Старлиц стряхнул с кончика сигары белый пепел.
- Точка зрения, - согласился он.
- Однажды ты мне сказал, что я должен решить, кто я. Это были мудрые слова. Но решить непросто. Меня зовут не Мехмет Озбей. Мое имя - Абдулла Октем.
Старлиц сочувственно приподнял брови.
- Мне должна быть важна разница?
- Известно тебе о турецком киприоте по имени Алпарслан Тюркеш? Он военный, бывший глава службы государственной безопасности Турции. Слыхал про генерала Алпарслана Тюркеша? Это был один из величайших людей в мире. Мне он был как отец.
- Жаль, но я его не знал.
- Толпы на турецком Кипре у меня на глазах носили его на руках. В Туркмении и в Азербайджане ему со слезами целовали руки. У него было девять детей. Он был основателем «Серых волков». У тебя есть девять детей, Старлиц?
- Нет.
- У меня четверо.
- Для начала неплохо.
- Но я не знаю, что говорить сыновьям.
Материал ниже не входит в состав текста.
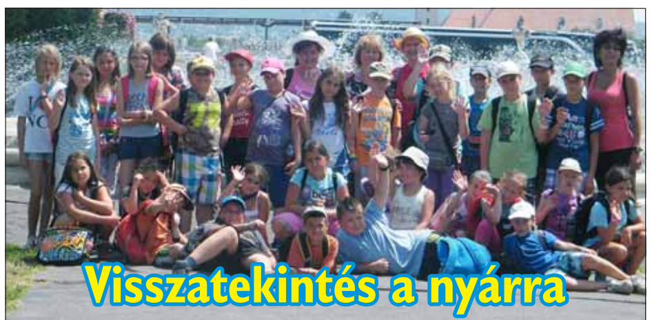
Visszatekintés a nyárra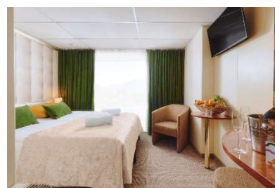
Cabina con balcone alla francese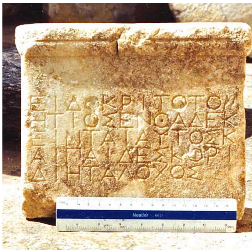
Εικ. 5. Ἡ ἐπιτύμβια στήλη τοῦ Εἰδοκρίτου καὶ τῆς οἰκογενείας του.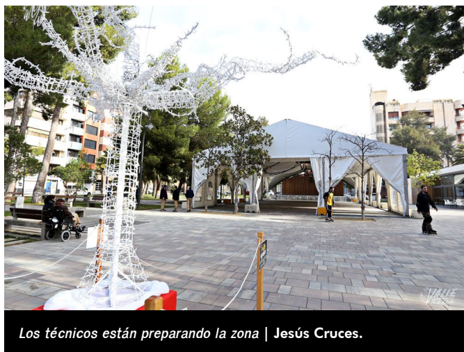
Los técnicos están preparando la zona | Jesús Cruces.

Minutos después comenzará la actuación de la agrupación Athenas , que deleitará al público desde la concha. Por otro lado, la carpa tiene capacidad para 450 personas , contará con calefactores, barras en su interior así como un puesto de churros, chocolate y castañas en el exterior.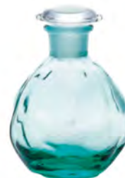
無鉛水晶 DF-49618 Ø73xH101mm 145cc 1x72/件 日式晶礦綠調味瓶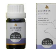
(公益社団法人)日本アロマ環境協会 表示基準適合認定精油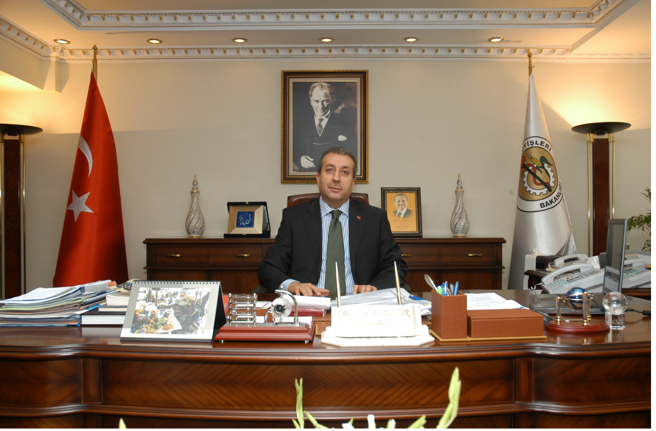
Mehmet Mehdi EKER Tarım ve Köyişleri Bakanı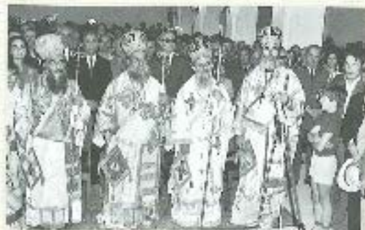
Στη λειτουργία του Ιερού Νεοῦ στ. Κοσμά τοῦ Ἀθηναίου Κορίνθου, ἑκατομῆρα, ἀπὸ δεξιά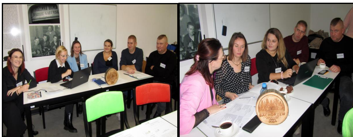
Grupa Odnowy Wsi w czasie warsztatów opracowania Sołeckiej Strategii Rozwoju Kamienica Kultury w Jarocinie w dniach 08-09.11.2024 r.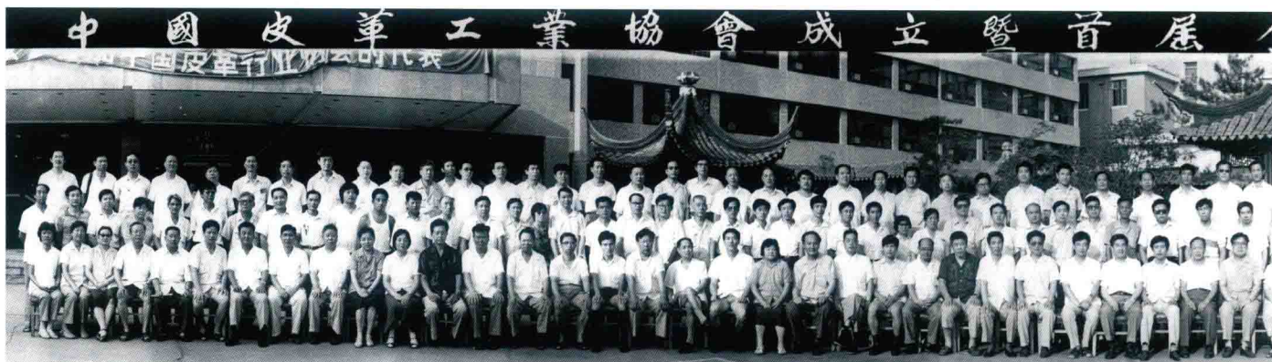
中国皮革协会成立大会

中国皮革协会会标是一张皮形组成的艺术图案。一方面表示行业是以皮革为基础；另一方面，从皮形外观来看，呈现出一个扁平的“中”字，寓意代表的是“中国”皮革行业。图案中央的四个字母“CIA”是中国皮革协会的英文缩写。图案主体颜色为蓝色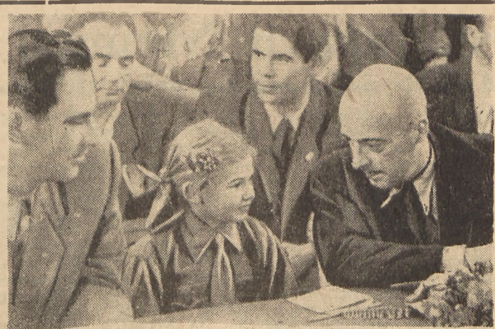
Ubiegłej niedzieli, w związku z Zjazdem Wojewódzkim Polskiej Partii Socjalistycznej, bawił w Katowicach sekretarz CKW PPS, premier Rządu Rzplitej J. Cyrankiewicz. Na zdjęciu Premier na sali obrad w rozmowie z najmłodszą członkinią, OMTUR.

Berlin. (PAP) Władze angielskie podały oficjalnie do wiadomości, że dowódca naczelny brytyjskich wojsk okupacyjnych w Niemczech marszałek wojsk lotniczych Sir Sholto Douglas ustąpił ze swego stanowiska. Następcą marszałka Douglasa mianowany został generał Sir Brian Robertson.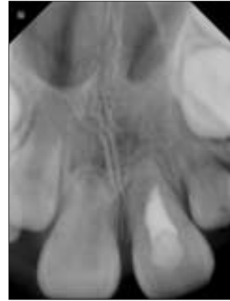
Fig. 4. Periapical view. Six months after the first cochlear implantation surgery (immediately after the second cochlear implantation surgery), the tooth showed good healing state of periodontal ligament space.

TCS는 25,000명에서 50,000명당 1명의 발생률을 보이고 남성과 여성간의 발생을 차이는 없으며 현재까지 400건이 넘게 보고되었다 5) . 2006년 da Silva Dalben 등 6) 은 15명의 TCS 환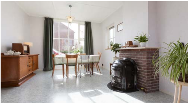
De doorzonkamer van een hoekwoning uit 1951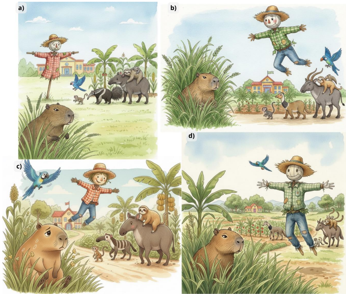
Figura 3- Variações geradas após solicitações de correção

(a) Capi se esconde em moita de capim limão enquanto observa a chegada dos animais, o sagui, a arara-azul, a anta, o tamanduá e a preguiça, Ervildo se aproxima dela, a horta é vista ao fundo, há incongruências botânicas como tomates nascendo na bananeira, espiga de milho não natural. (b) Capi se esconde em moita de capim limão enquanto observa a chegada dos animais, o sagui, a arara-azul, a anta, o tamanduá e a preguiça, Ervildo se aproxima dela, a horta é vista ao fundo, há incongruências botânicas como o tomate crescendo na bananeira, o fenótipo dos animais está inconsistente. (c) Capi se esconde em moita de capim limão enquanto observa a chegada dos animais, o sagui, a arara-azul, a anta, o tamanduá e a preguiça, Ervildo se aproxima dela, a horta é vista ao fundo, há incongruências na anatômica dos animais. (d) Capi se esconde em moita de capim limão enquanto observa a chegada dos animais, o sagui, a arara-azul, a anta, o tamanduá e a preguiça, Ervildo se aproxima dela, a horta é vista ao fundo, há incongruências botânicas, como tomates crescendo na bananeira e anatômicas.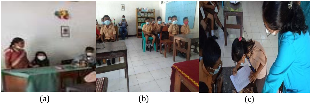
Gambar 4. (a) Pendamping kader Jumantik (b) Pelatihan Jumantik (c) Pencatatan dan pelaporan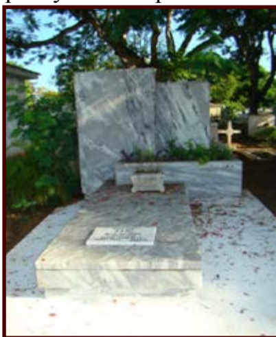
Tumba de Sindo en el Cementerio de Bayamo

Tal vez La bayamesa , cantada por su madre al acunarlo, sea una clave para conocer la respuesta. Pero pudieron ser sus visitas a esa ciudad gloriosa, donde se inició el sentir por la independencia de un país y el amor por ser cubanos, lo que atrapó su atención.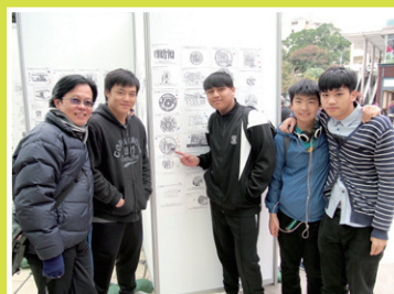
多謝子華及義工組到場支持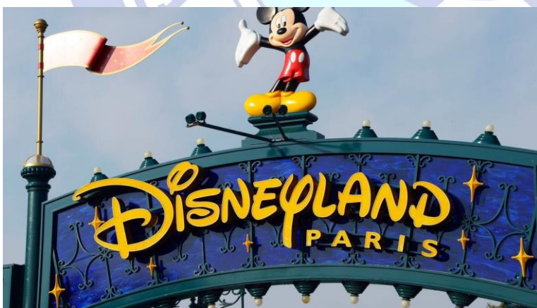
Parc d'attraction Disneyland Paris à 290 km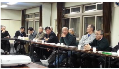
2月25日 白樺会館地区の様子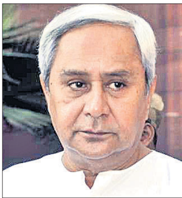
ପ୍ରଦାନ କରିଛନ୍ତି । ଇପିଏସ୍-୯୫ ପେନ୍ସନ ଉପଭୋକ୍ତାଙ୍କ ପେନ୍ସନ ବୃଦ୍ଧି କରିବାକୁ

୨୦୧୩ରେ ରାଜ୍ୟ ସଭା ସଦସ୍ୟ ଭାବେ କାର୍ଯ୍ୟ କରିଥିବା ଇପିଏସ୍-୯୫ ପେନ୍ସନ ଉପଭୋକ୍ତାଙ୍କ ପେନ୍ସନ ବୃଦ୍ଧି କରିବାକୁ ଗଙ୍ଗାଧାର ମିଶ୍ରଙ୍କୁ ଚିଠି ଲେଖିଲେ । ଇପିଏସ୍-୯୫ ପେନ୍ସନ ଉପଭୋକ୍ତାଙ୍କ ପେନ୍ସନ ବୃଦ୍ଧି କରିବାକୁ ଗଙ୍ଗାଧାର ମିଶ୍ରଙ୍କୁ ଚିଠି ଲେଖିଲେ । ଇପିଏସ୍-୯୫ ପେନ୍ସନ ଉପଭୋକ୍ତାଙ୍କ ପେନ୍ସନ ବୃଦ୍ଧି କରିବାକୁ ଗଙ୍ଗାଧାର ମିଶ୍ରଙ୍କୁ ଚିଠି ଲେଖିଲେ ।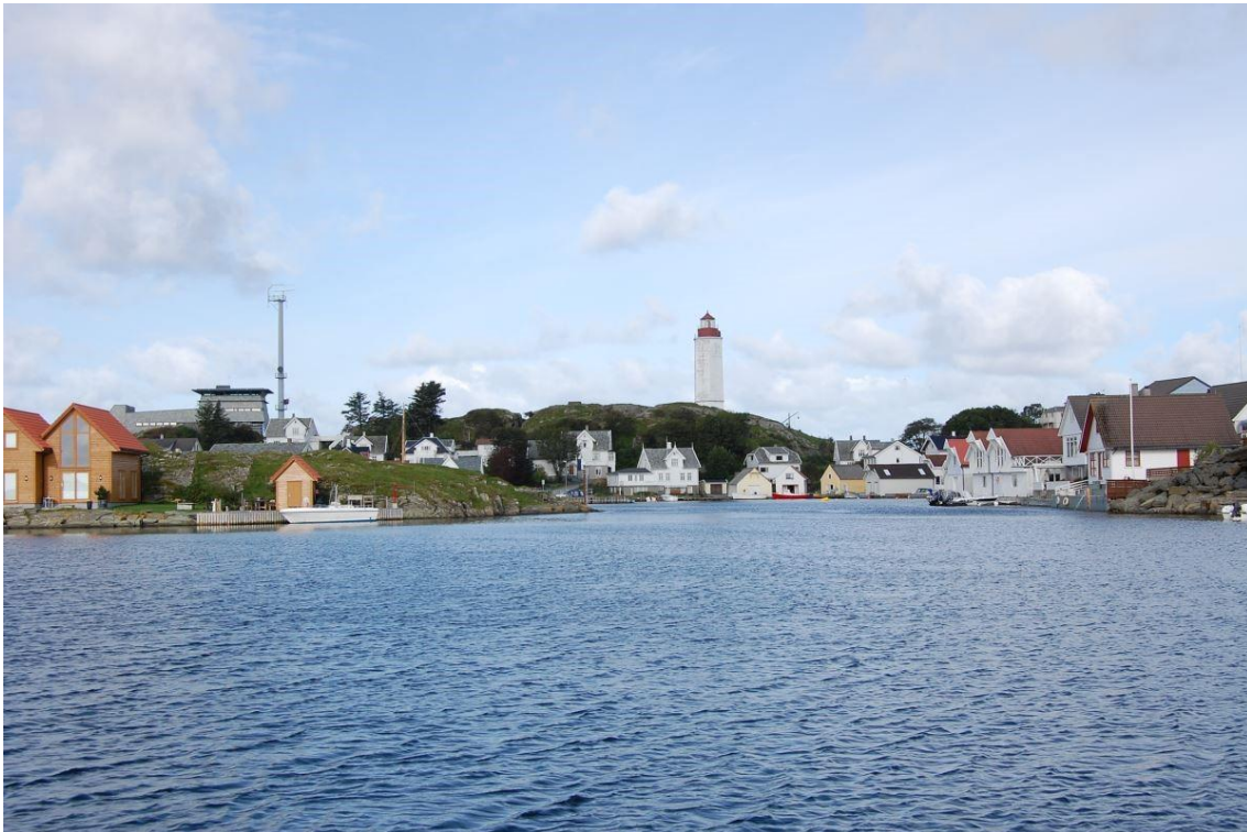
Kvitsøy fyr troner over bebyggelsen i Ydstebøhavn

Их фамилия - Октем, они дети Абдуллы Октема, а не Мехмета Озбея. Как им сказать, что друзья их отца называют себя терминаторами и работают на организации вроде «Турецкой бригады мстителей»?
Озбей сел за стол, выдвинул ящик и вынул оттуда фотографию в золоченой рамке. Поставив ее перед собой, он грустно проговорил, не стесняясь слез:
- Бедняжка Мерель... Когда мы поженились, я был старшим молодежной бригады. Мы, молодые «Серые волки», разбивали палатки в лесу и пели патриотические турецкие песни. Мы учились завязывать тугие узлы, раскладывать костры, мы избивали профсоюзные демонстрации. Это была скромная жизнь, посвященная нации. Мерель родила мне сыновей, но я ее пережил, что неудивительно.
- У меня та же проблема, - сознался Старлиц. - Знаешь, я уверен, что люди, счастливые в семейной жизни, никогда мне не попадались и не попадутся.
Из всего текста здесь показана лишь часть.